The data presented here suggested that the bacterial diversity in silica precipitates from six different Icelandic geothermal sites varied with temperature, but other factors like sinter growth rate also influenced the bacterial community structure. As such, it was not possible to single out one parameter that affected the microbial community structure in all sites but it is clear that the biodiversity patterns determined at each site was controlled by a combination of these parameters. In this study, the most extreme habitat was defined by the combination of high temperatures (≥75°C), high salinity (≥4.7%) and high sinter growth rates (≥300 kg year−1 m−2), but at this site neither bacteria nor archaea were found (i.e., RK). These results further indicated that the physico-chemical conditions defining the precipitation of amorphous silica (i.e., sinter growth rates, Tobler et al. 2008) exert a strong control on the microbial ecology and distribution.

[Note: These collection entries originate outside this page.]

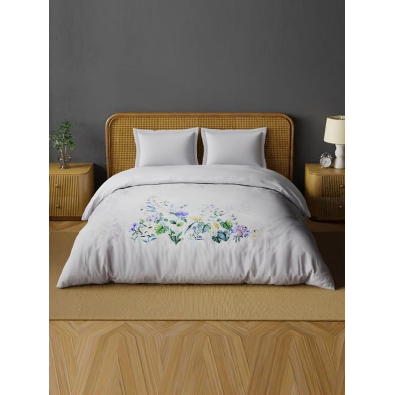 Soft florals in SPACES Organic Cotton 180 TC Quilt in Lilac Hint, light violet for calming rest. Organic cotton with digital print, breathable and skin-safe double quilt 224cm x 270cm. Care instructions: wash at 40C, low tumble dry, no bleach or iron, do not wring.
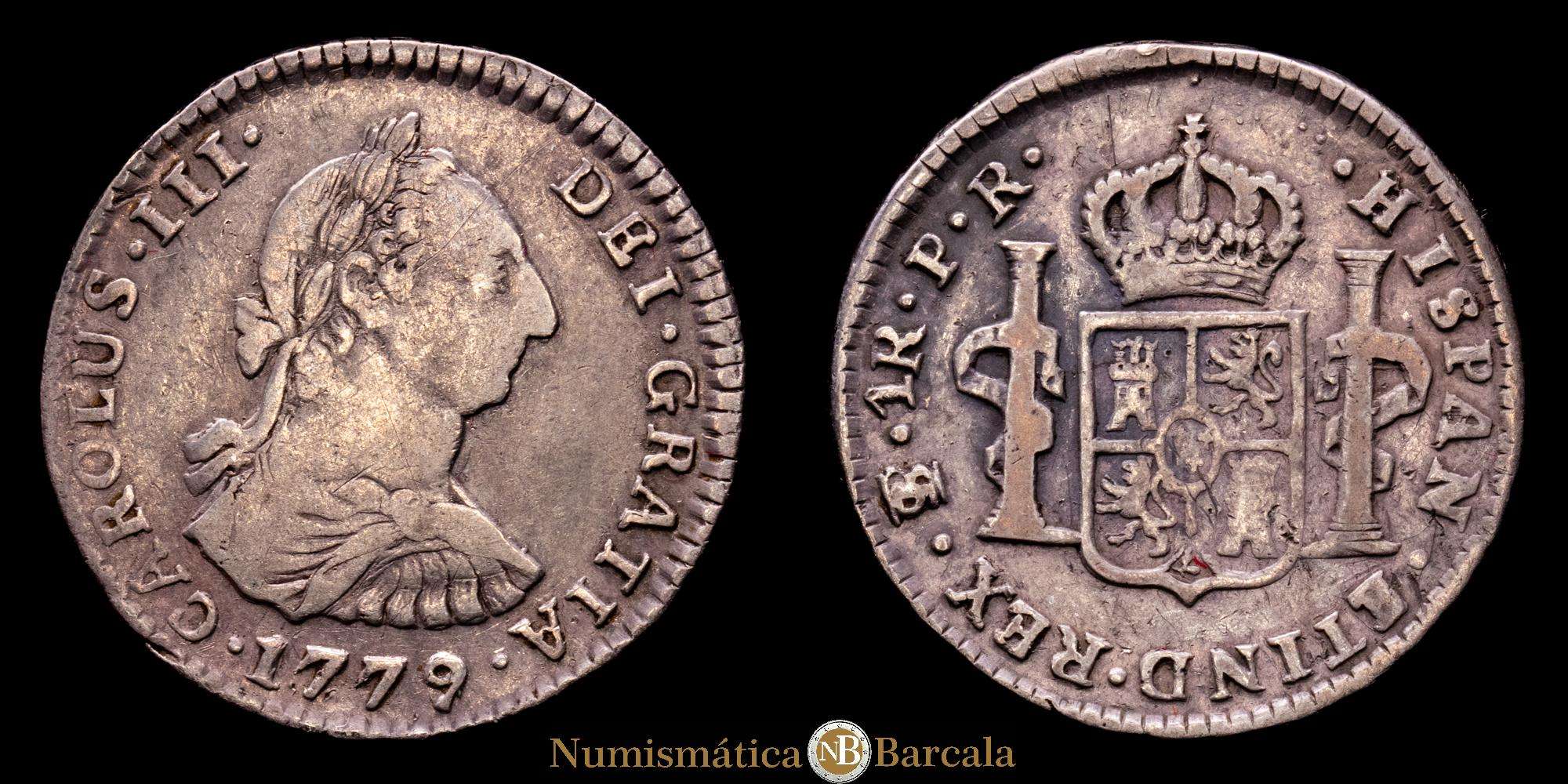 Numismática Barcala > Productos > Carlos III. Potosí. (1759-1788) 1 Real 1779 JR (Ensayadores Pedro Martín Albizu y Juan Palomo y Sierra) AG.903, 21 mm; 3,23g. (AC.483). VF.
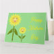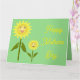 Denna fantastiska mormorsdagskort har en grafisk design med bilden av en vacker gul solros med grön stjälk och blad och ljusgula solrosor. Mor-solrosen har snälla ögon och ett leende i ansiktet. Det finns en mindre solros bredvid moderblomman och dess blad vidrör barn-solrosens blad och visar kärlek och stöd. En vacker design för alla mödrar på mormorsdagen. Det finns anpassad text på insidan så att du kan anpassa detta kort med ditt eget meddelande.
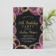Moderno Elegante Cor-de-rosa e Dourados Círculos de Tinta Luminosa Negra 18º Convite de Aniversário. Este convite de festas de Aniversário Adulto feminino de 18 (ou qualquer idade) apresenta um elegante roteiro de caligrafia com letras de mão e um quadro de Círculos de Tinta Rosa e Dourada com Álcool em fundo preto. Ideal para uma celebração de aniversário feminina de marco adulto, este convite captura perfeitamente a essência de uma festa de aniversário de ouro moderna e cinza rosa.
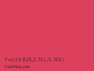 Yxy 19.829,0.511,0.301 Color is a normal red color and the nearest color is Paradise Pink #e63e62. Hex code #dd405d and RGB value is rgb(221,64,93). In RGB color space, this color is composed of 87% red, 25% green, 36% blue, In CMYK color space, this color is composed of 0% cyan, 71% magenta, 58% yellow , 13% black , In HSL color space, this color has a hue angle of 349° , 70% saturation and 56% lightness.
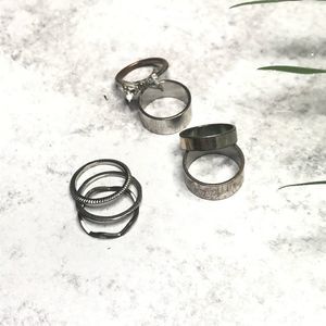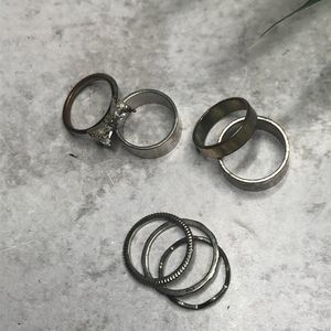 Features: 7 minimalist silver stacking rings, several sizes, EUC showing some wear. From Aldo, Sizes 7/8
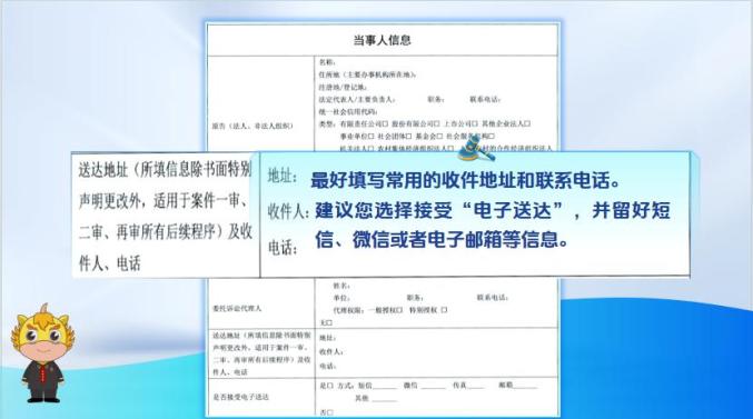 在填写送达地址时,最好填写常用的收件地址和联系电话,在后续的诉讼程序中还将使用该地址进行文书送达。在此,我们建议您选择接受“电子送达”,并留好短信、微信或者电子邮箱等信息,以便于您及时接收相关文书。
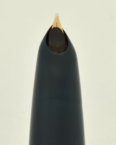 Color Cedar blue body, Gold filled (1/8 14k in a pattern of close parallel lines) cap, Arrow clip (correct for 1947). Pearlescent cap jewel.
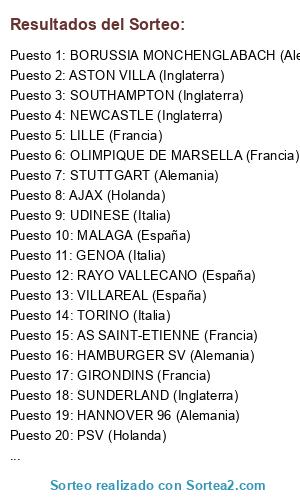 Lista de participantes: VILLAREAL (España), MALAGA (España), CELTA DE VIGO (España), RAYO VALLECANO (España), NEWCASTLE (Inglaterra), SOUTHAMPTON (Inglaterra), ASTON VILLA (Inglaterra), SUNDERLAND (Inglaterra), SPORTING CP (Portugal), OLIMPIQUE DE MARSELLA (Francia), LILLE (Francia), GIRONDINS (Francia), AS SAINT-ETIENNE (Francia), BORUSSIA MONCHENGLABACH (Alemania), HAMBURGER SV (Alemania), STUTTGART (Alemania), FRANKFURT (Alemania), HANNOVER 96 (Alemania), UDINESE (Italia), TORINO (Italia), GENOA (Italia), AJAX (Holanda), PSV (Holanda).
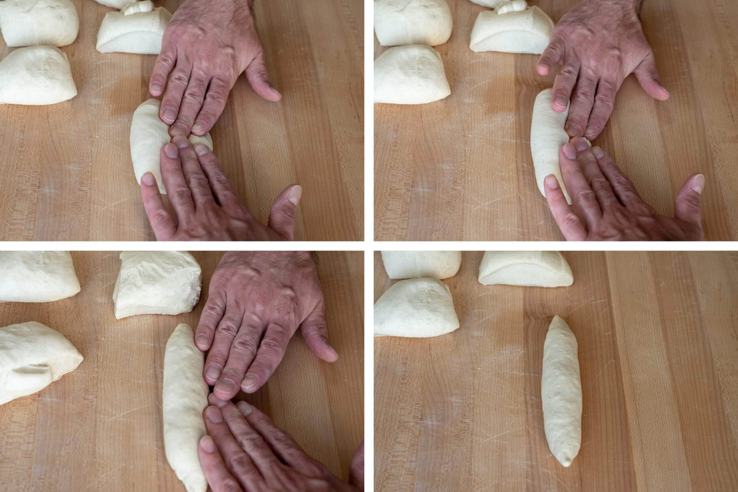 Because the dough is low hydration, keep it covered at all times. Divide the dough into twelve 115 gram rectangular pieces. Preshape each rectangle into a tapered cigar shape. Let the pieces rest 15 minutes covered with plastic.
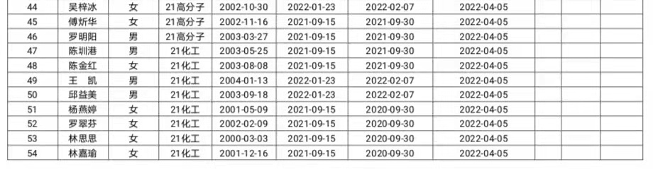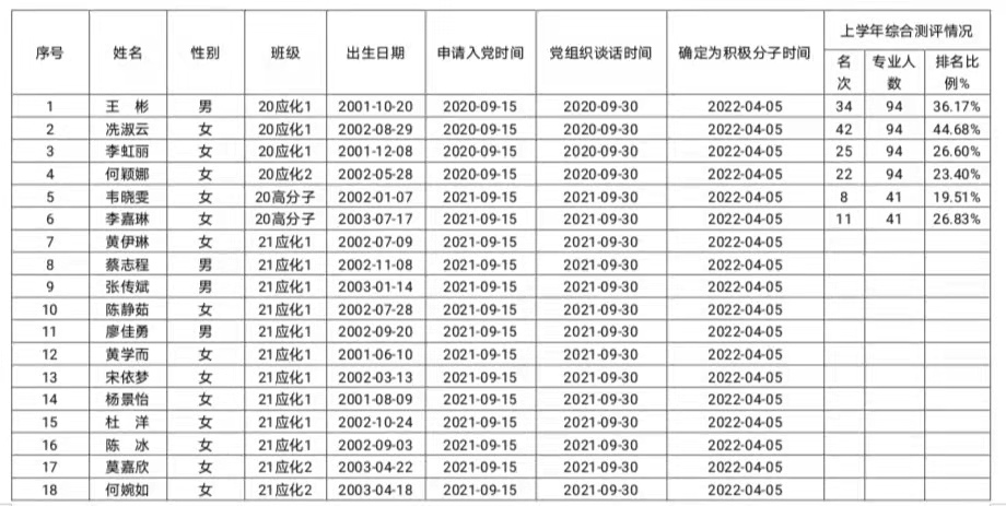 根据《中国共产党发展党员工作细则》规定,经本人提出申请,团组织推优,在听取培养联系人、党员和群众意见的基础上,经支部委员会集体讨论研究,拟将20应化1班王彬等54名同志确定为入党积极分子。现将其有关情况予以公示,征求党员、群众意见。
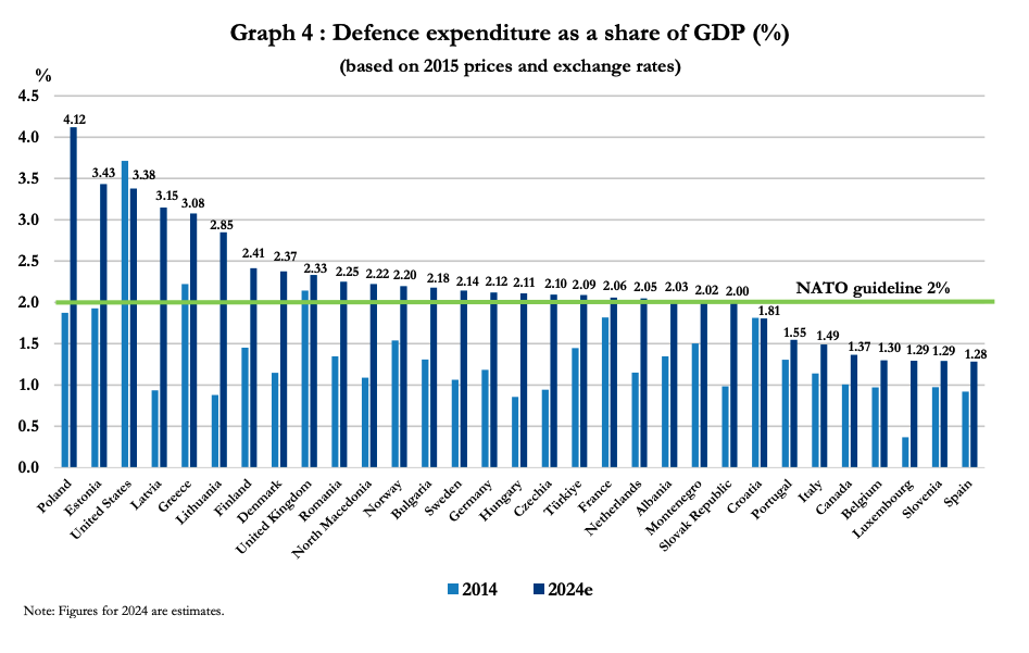 For år 2024 er Polen sterkest, rundt 4,1 år prosent (stipulert):

The comparison to other molecular studies on bacterial diversity in alkaline, silica-precipitating hot springs showed that the dominant phylotypes fall mainly into the same phylogenetic classes (i.e., Aquificae, Deinococci, γ-Proteobacteria). Furthermore, some phylotypes (e.g., Thermus spp., Thermocrinis ssp.,) were found in a variety of hot springs indicating that they can adapt to different geochemical/hydrodynamic regimes.

Overall, we confirmed that in geothermal areas the physico-chemical characteristics invariably affect the diversity and structure of microbial communities. However, this study also revealed that only by exploring these links in as many diverse sites as possible via the full geochemical, physical and microbial analyses can a deeper insight into the complexity of geothermal microbial communities and their broader relevance at a global scale be derived.